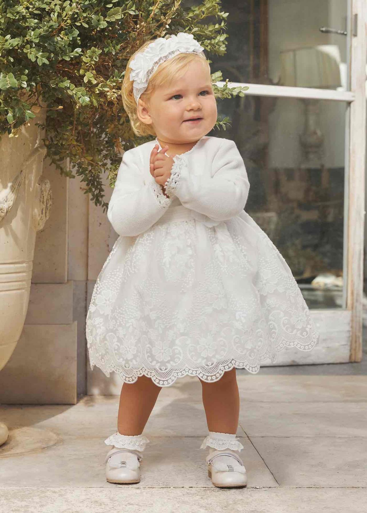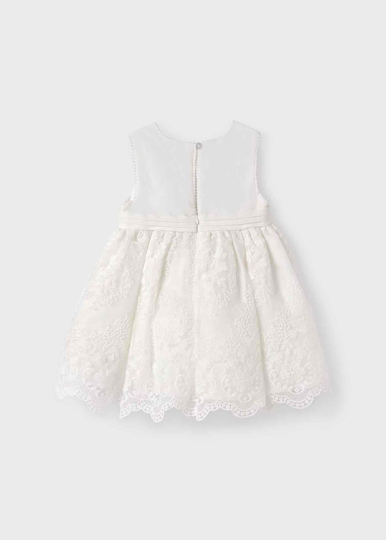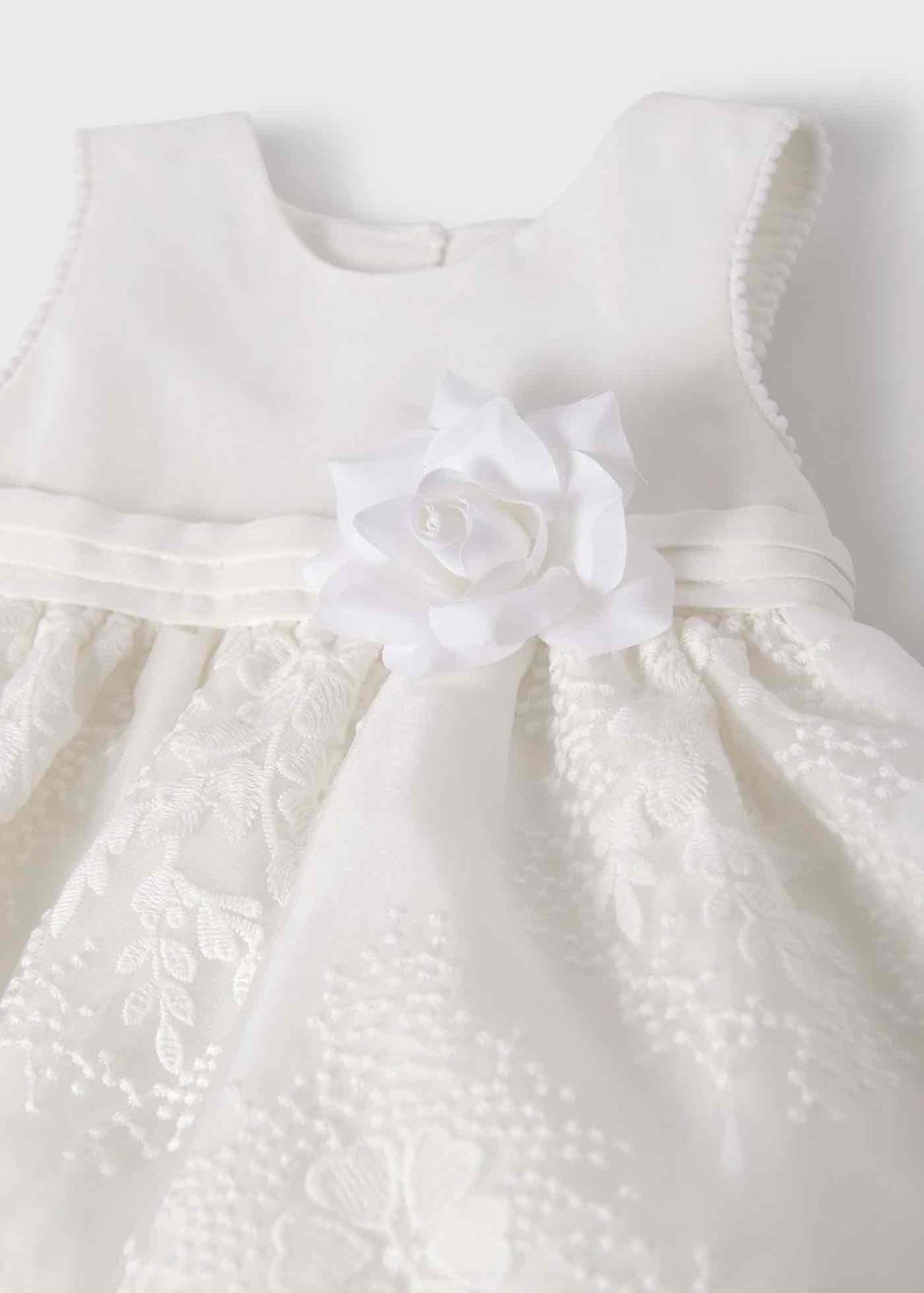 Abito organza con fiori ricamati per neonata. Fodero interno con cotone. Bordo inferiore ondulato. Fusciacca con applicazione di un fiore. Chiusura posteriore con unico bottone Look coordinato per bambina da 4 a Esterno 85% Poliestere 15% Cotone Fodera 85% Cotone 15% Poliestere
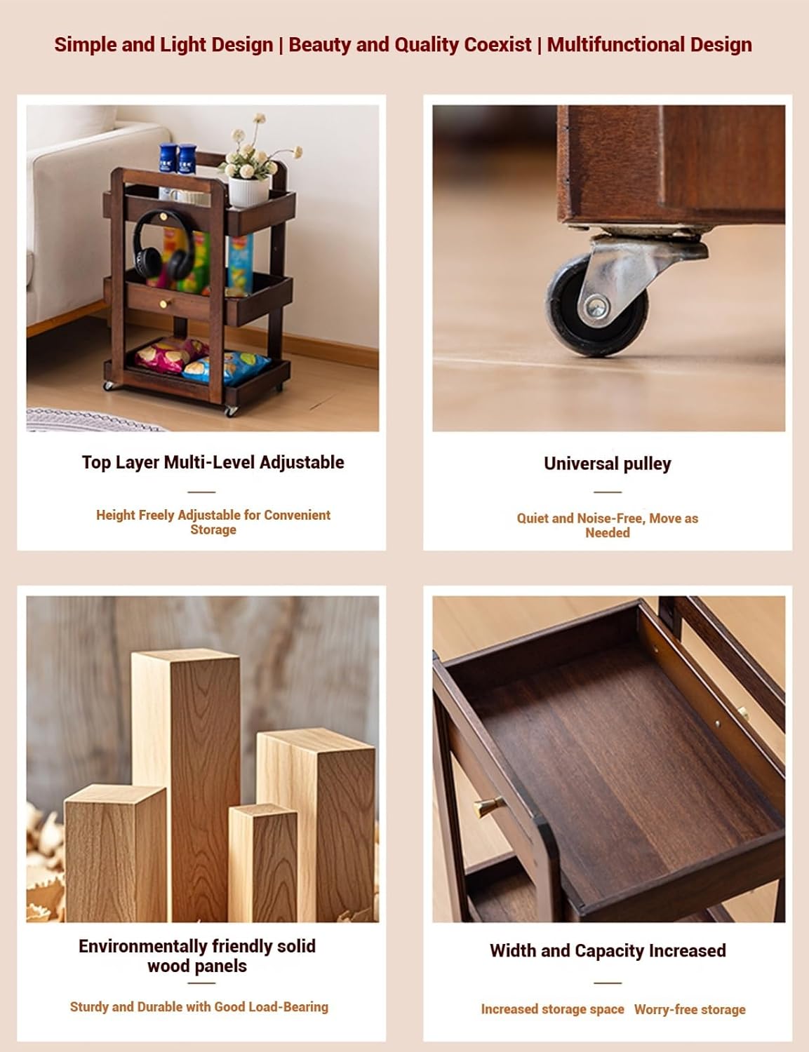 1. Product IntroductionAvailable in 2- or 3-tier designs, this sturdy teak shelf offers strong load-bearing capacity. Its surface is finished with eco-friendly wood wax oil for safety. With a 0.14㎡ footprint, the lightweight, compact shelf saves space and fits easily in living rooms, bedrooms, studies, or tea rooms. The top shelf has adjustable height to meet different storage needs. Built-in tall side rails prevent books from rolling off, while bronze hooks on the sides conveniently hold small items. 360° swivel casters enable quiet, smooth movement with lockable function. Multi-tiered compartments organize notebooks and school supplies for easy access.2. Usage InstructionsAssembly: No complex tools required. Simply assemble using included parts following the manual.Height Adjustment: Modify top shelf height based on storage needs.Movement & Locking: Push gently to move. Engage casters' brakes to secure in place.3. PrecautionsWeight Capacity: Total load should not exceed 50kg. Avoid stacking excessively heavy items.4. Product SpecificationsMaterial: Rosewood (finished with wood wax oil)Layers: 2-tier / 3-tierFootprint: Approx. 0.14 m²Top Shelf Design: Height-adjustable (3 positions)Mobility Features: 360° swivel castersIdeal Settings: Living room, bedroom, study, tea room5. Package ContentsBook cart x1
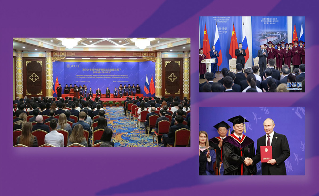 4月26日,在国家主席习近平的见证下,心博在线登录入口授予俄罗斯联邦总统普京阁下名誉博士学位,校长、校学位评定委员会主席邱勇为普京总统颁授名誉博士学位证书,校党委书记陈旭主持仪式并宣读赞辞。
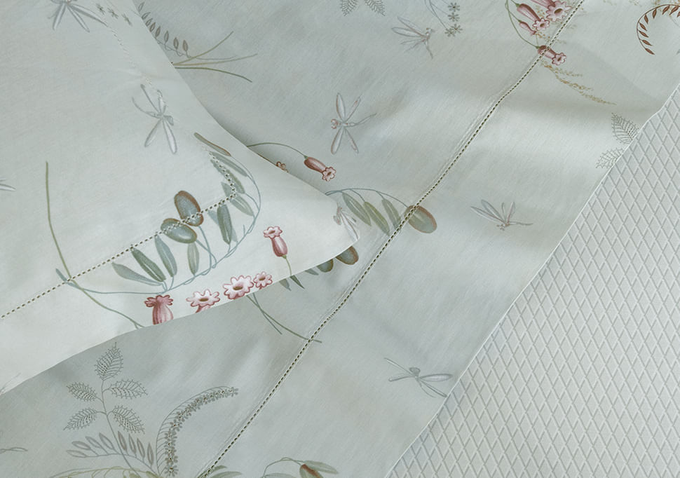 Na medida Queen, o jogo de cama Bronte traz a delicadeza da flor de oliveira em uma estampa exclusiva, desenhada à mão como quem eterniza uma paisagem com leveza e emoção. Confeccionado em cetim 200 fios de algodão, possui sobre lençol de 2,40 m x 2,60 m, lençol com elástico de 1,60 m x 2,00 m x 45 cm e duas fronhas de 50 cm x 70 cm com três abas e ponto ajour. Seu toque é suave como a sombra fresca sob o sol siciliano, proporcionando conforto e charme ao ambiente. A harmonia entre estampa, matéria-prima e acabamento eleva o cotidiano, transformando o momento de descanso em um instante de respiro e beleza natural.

***

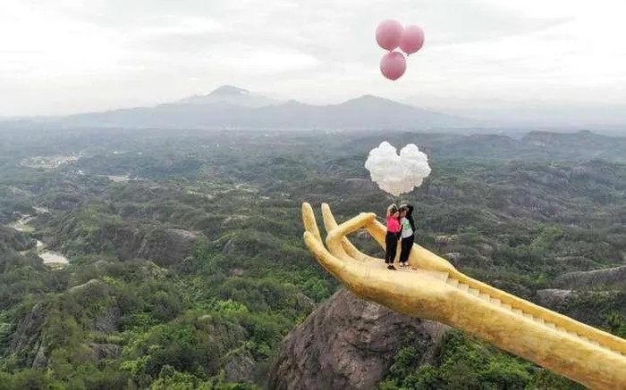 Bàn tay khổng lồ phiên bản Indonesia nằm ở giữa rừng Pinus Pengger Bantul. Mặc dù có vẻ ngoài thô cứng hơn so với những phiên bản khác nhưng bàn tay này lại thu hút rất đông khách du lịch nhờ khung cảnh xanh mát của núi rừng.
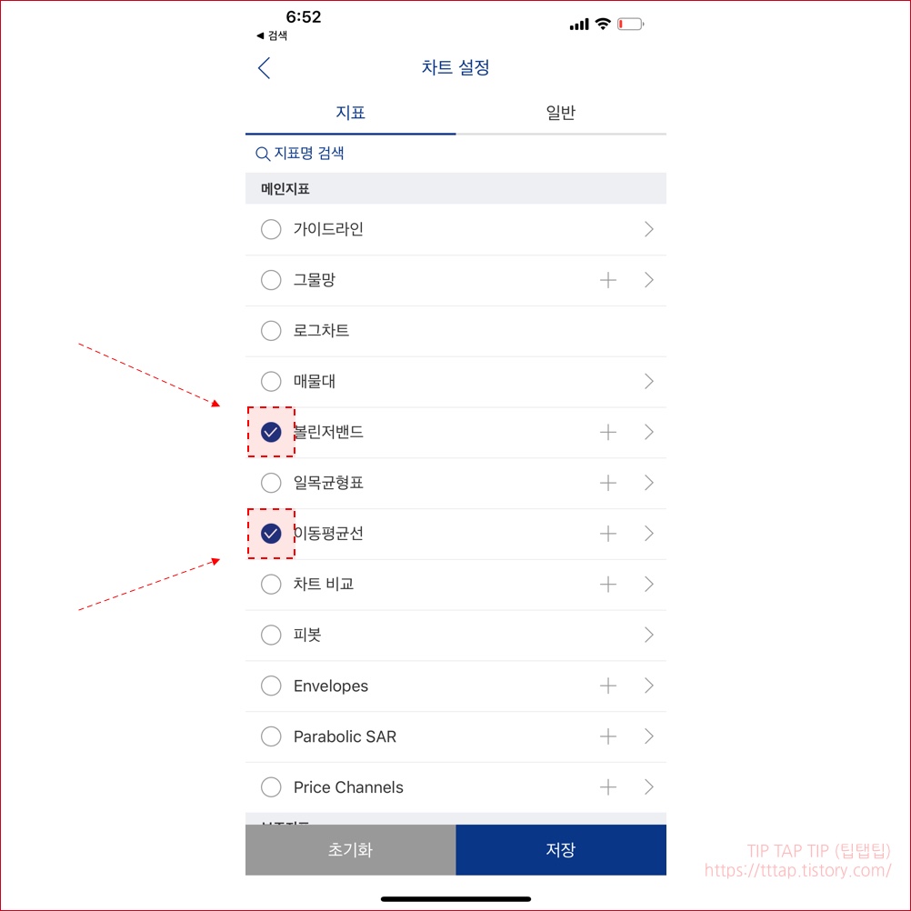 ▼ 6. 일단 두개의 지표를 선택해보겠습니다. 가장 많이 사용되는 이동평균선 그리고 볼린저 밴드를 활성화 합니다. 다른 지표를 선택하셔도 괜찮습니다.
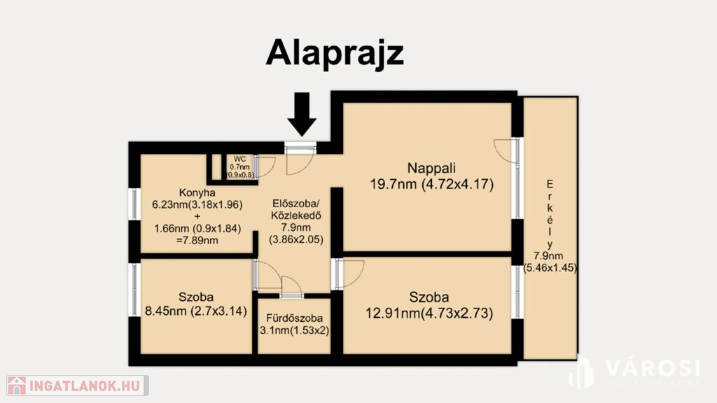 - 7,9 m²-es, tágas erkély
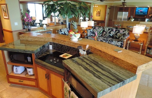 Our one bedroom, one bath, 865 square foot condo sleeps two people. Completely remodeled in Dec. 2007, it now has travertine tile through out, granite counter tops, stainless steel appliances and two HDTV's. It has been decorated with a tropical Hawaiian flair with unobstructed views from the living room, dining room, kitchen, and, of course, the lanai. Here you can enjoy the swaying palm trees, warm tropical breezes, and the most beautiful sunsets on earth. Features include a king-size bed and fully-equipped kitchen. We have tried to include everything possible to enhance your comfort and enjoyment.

***

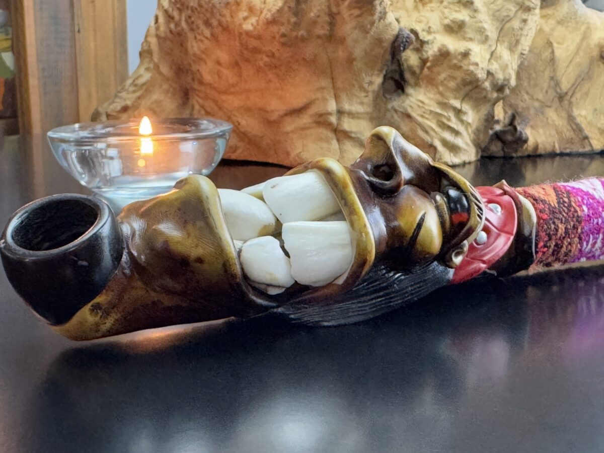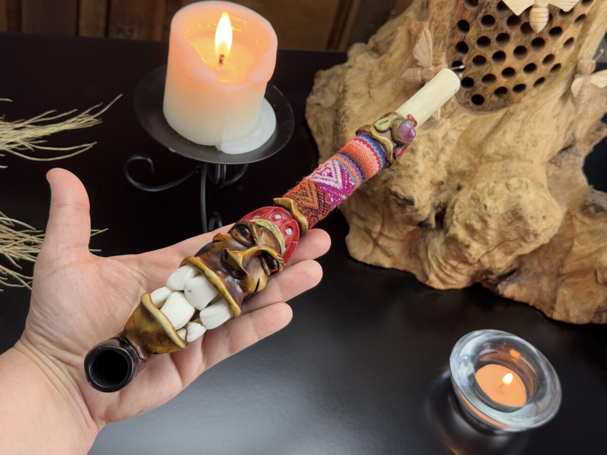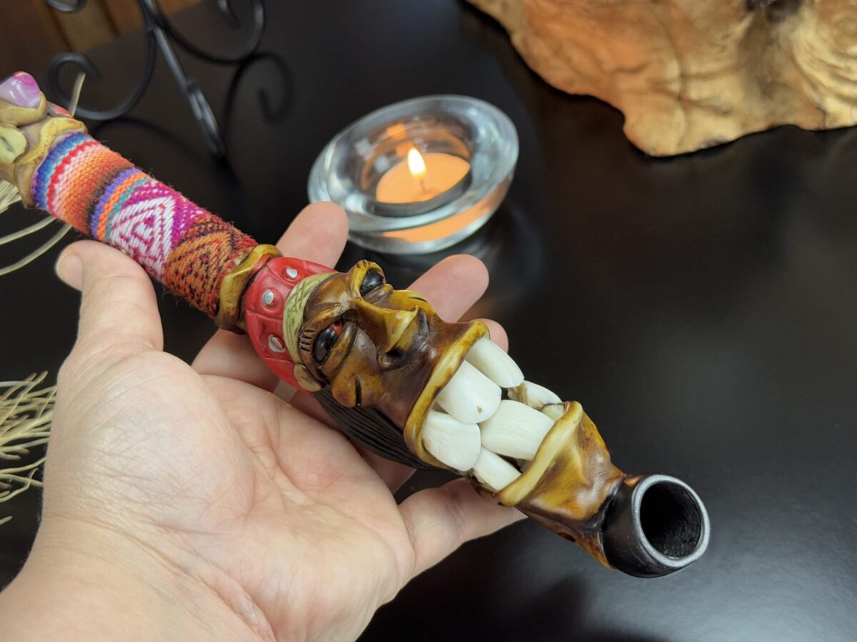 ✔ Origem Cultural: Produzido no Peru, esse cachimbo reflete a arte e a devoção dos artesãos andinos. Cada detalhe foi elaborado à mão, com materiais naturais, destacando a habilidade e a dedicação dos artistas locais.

***

Your goal: In the records above, find the line with "- 7,9 m²-es, tágas erkély" and the line with "Our one bedroom, one". Write out exactly those lines and every one between, with no pictures and no other lines.

Answer space:
 - 7,9 m²-es, tágas erkély
 Our one bedroom, one bath, 865 square foot condo sleeps two people. Completely remodeled in Dec. 2007, it now has travertine tile through out, granite counter tops, stainless steel appliances and two HDTV's. It has been decorated with a tropical Hawaiian flair with unobstructed views from the living room, dining room, kitchen, and, of course, the lanai. Here you can enjoy the swaying palm trees, warm tropical breezes, and the most beautiful sunsets on earth. Features include a king-size bed and fully-equipped kitchen. We have tried to include everything possible to enhance your comfort and enjoyment.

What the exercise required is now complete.